### Recorded data
----------------

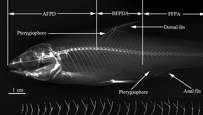 这是 X 光下的一条淡水鱼。肌间骨是那些 I 字形、Y 字形的小刺,是一次次把我们送去急诊室的罪魁祸首。
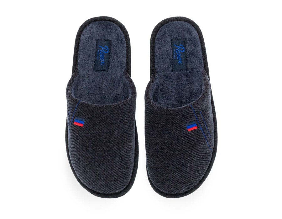 Ανδρικές παντόφλες σπιτιού Parex. Ανδρικές παντόφλες Parex σε γκρι σκούρο και μπλε χρώμα. Κομψές, ζεστές και ανθεκτικές.
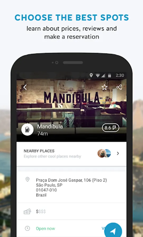 - Choose your next restaurant, check prices and reviews and make a reservation before navigating;
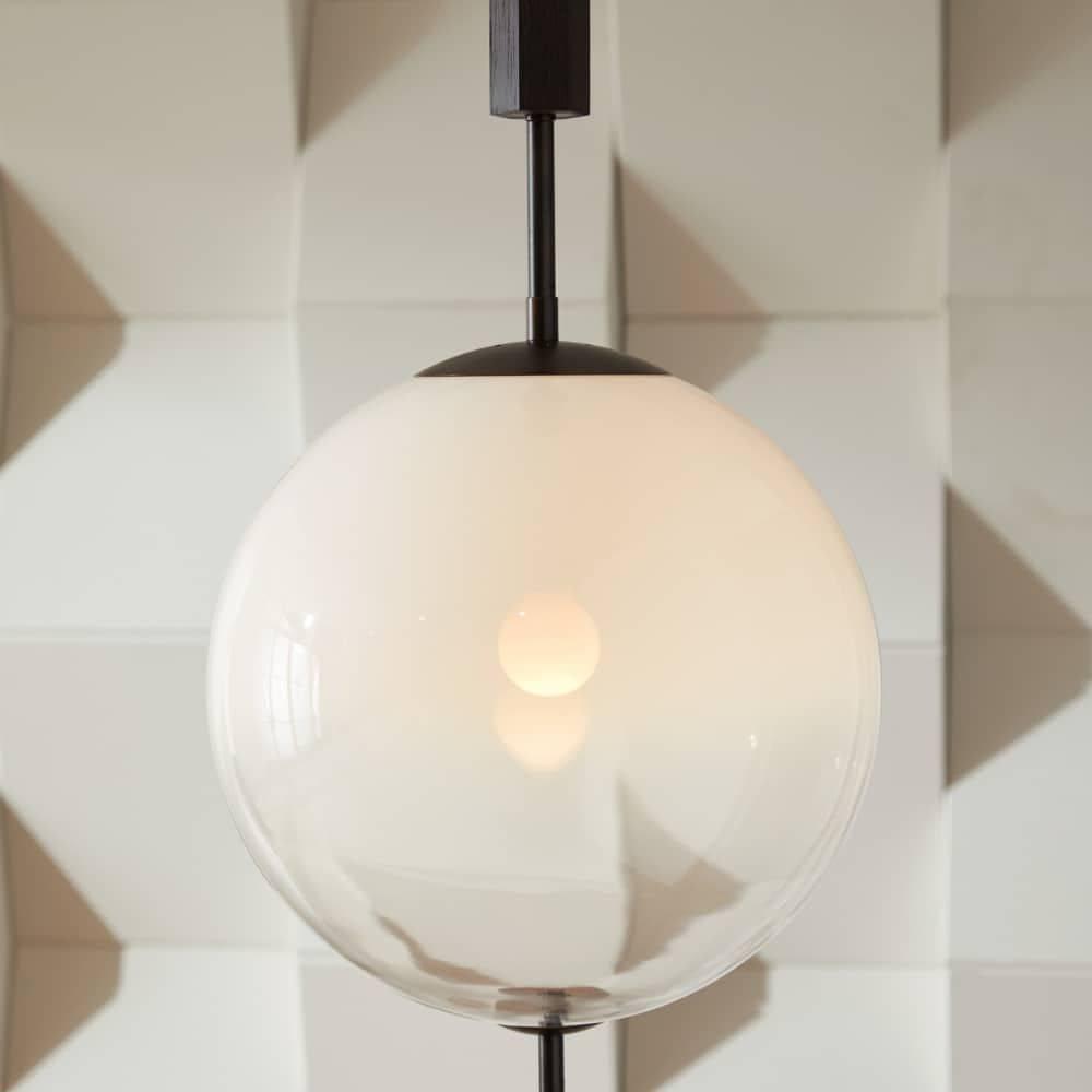 We created this architecturally inspired lamp with a subtle nod to 1970’s-style modernism. A large-scale orb shade of our new frost ombre glass is balanced between English bronze-plated steel hardware, while a faceted wood cuff detail draws the eye upward. Stellar on its own, it is even more impactful when installed in multiples. Damp-rated, although limited covered outdoor areas may affect finish. Finish will vary.

----------------

### Task statement
After locating the line that contains "- Choose your", output it and all later lines through the end of the material exactly, leaving out pictures.

### Response
 - Choose your next restaurant, check prices and reviews and make a reservation before navigating;
 We created this architecturally inspired lamp with a subtle nod to 1970’s-style modernism. A large-scale orb shade of our new frost ombre glass is balanced between English bronze-plated steel hardware, while a faceted wood cuff detail draws the eye upward. Stellar on its own, it is even more impactful when installed in multiples. Damp-rated, although limited covered outdoor areas may affect finish. Finish will vary.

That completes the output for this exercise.